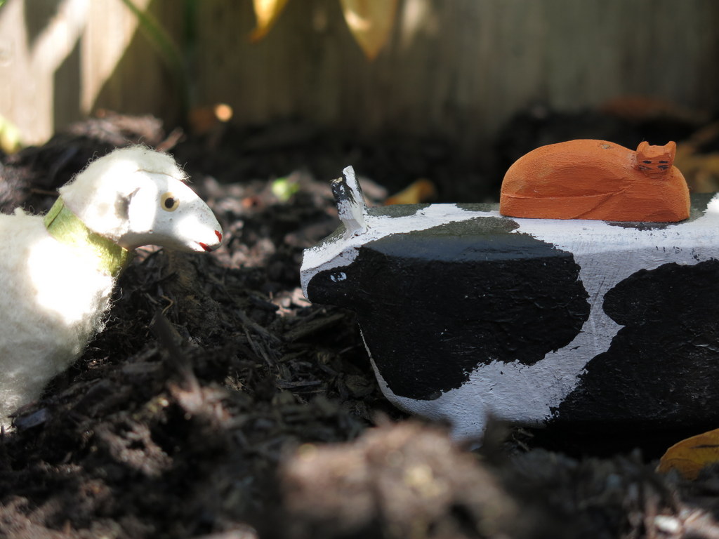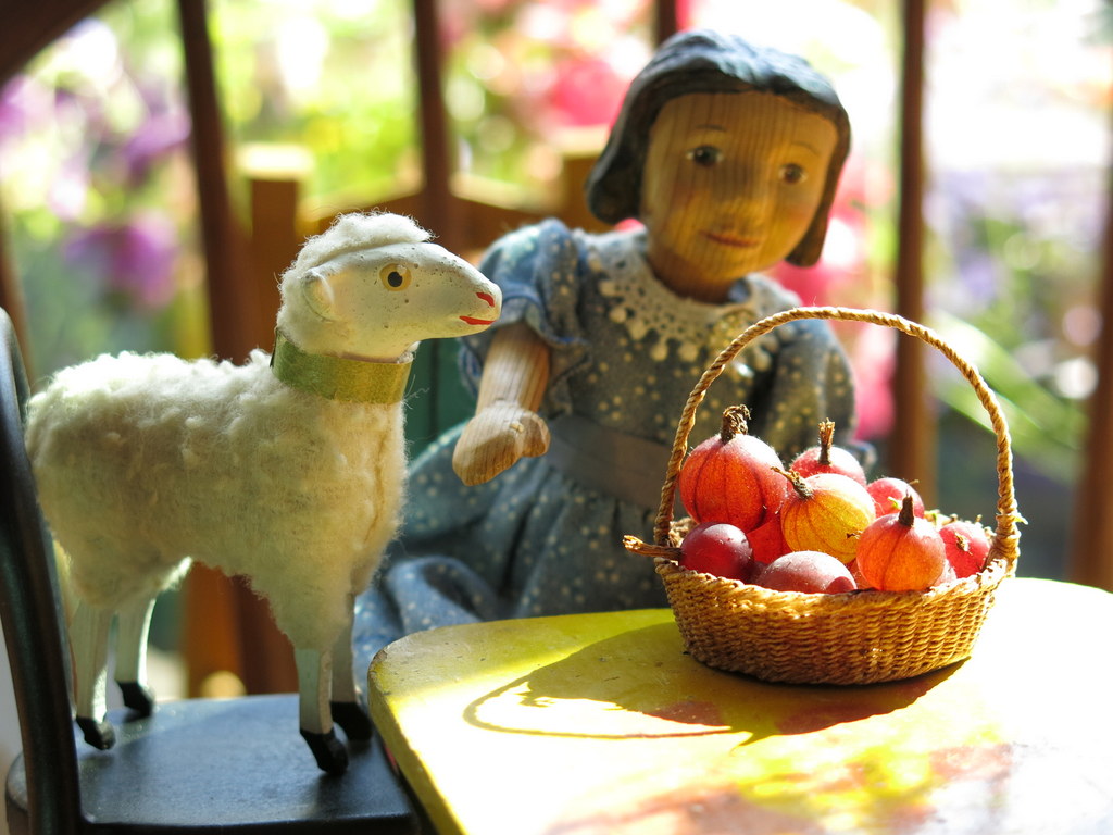 Thanks so much to a talented Hitty friend from France, who made the beautiful basket; the generous Hitty friend in Quebec who sent the basket, the little lamb, and the cat/cow to me; and to the youngest Human in the family for her photographic (photos 2, 5, 6, 8, 10, 11, 12, 13)  and editorial contributions!
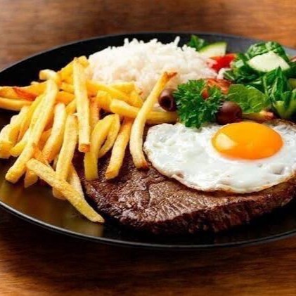 Acompanha arroz, e batata palha.
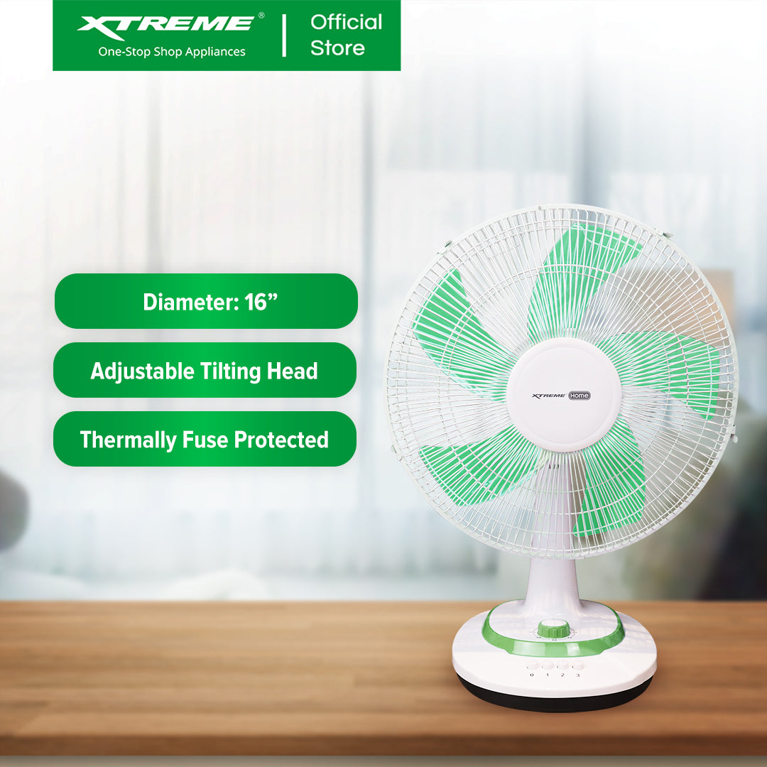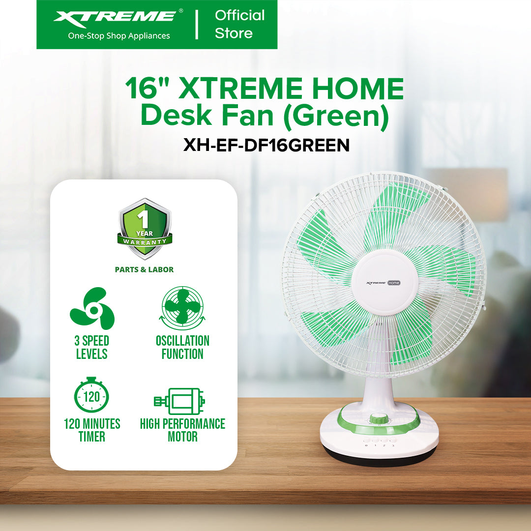 XTREME HOME 16 inches Desk Fan 3-Speed with Timer (Green Blade) | XH-EF-DF16GREEN
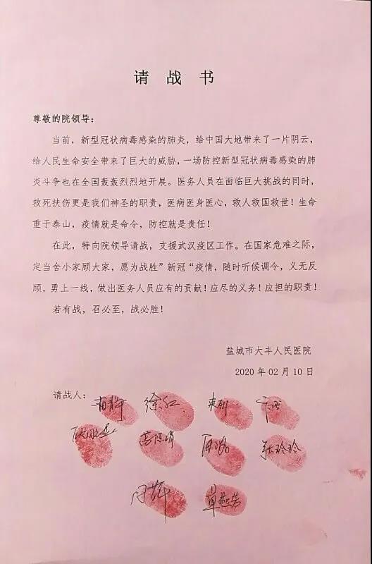 “在除夕值夜班那天,我看到湖北疫情严重的新闻,我和另外九个同事一起签下请战书,希望能为前线做点什么。”
################
Your task
Since the pictures are not wanted, write out the rest of the data exactly as it reads.

Written solution
 Thanks so much to a talented Hitty friend from France, who made the beautiful basket; the generous Hitty friend in Quebec who sent the basket, the little lamb, and the cat/cow to me; and to the youngest Human in the family for her photographic (photos 2, 5, 6, 8, 10, 11, 12, 13)  and editorial contributions!
 Acompanha arroz, e batata palha.
 XTREME HOME 16 inches Desk Fan 3-Speed with Timer (Green Blade) | XH-EF-DF16GREEN
 “在除夕值夜班那天,我看到湖北疫情严重的新闻,我和另外九个同事一起签下请战书,希望能为前线做点什么。”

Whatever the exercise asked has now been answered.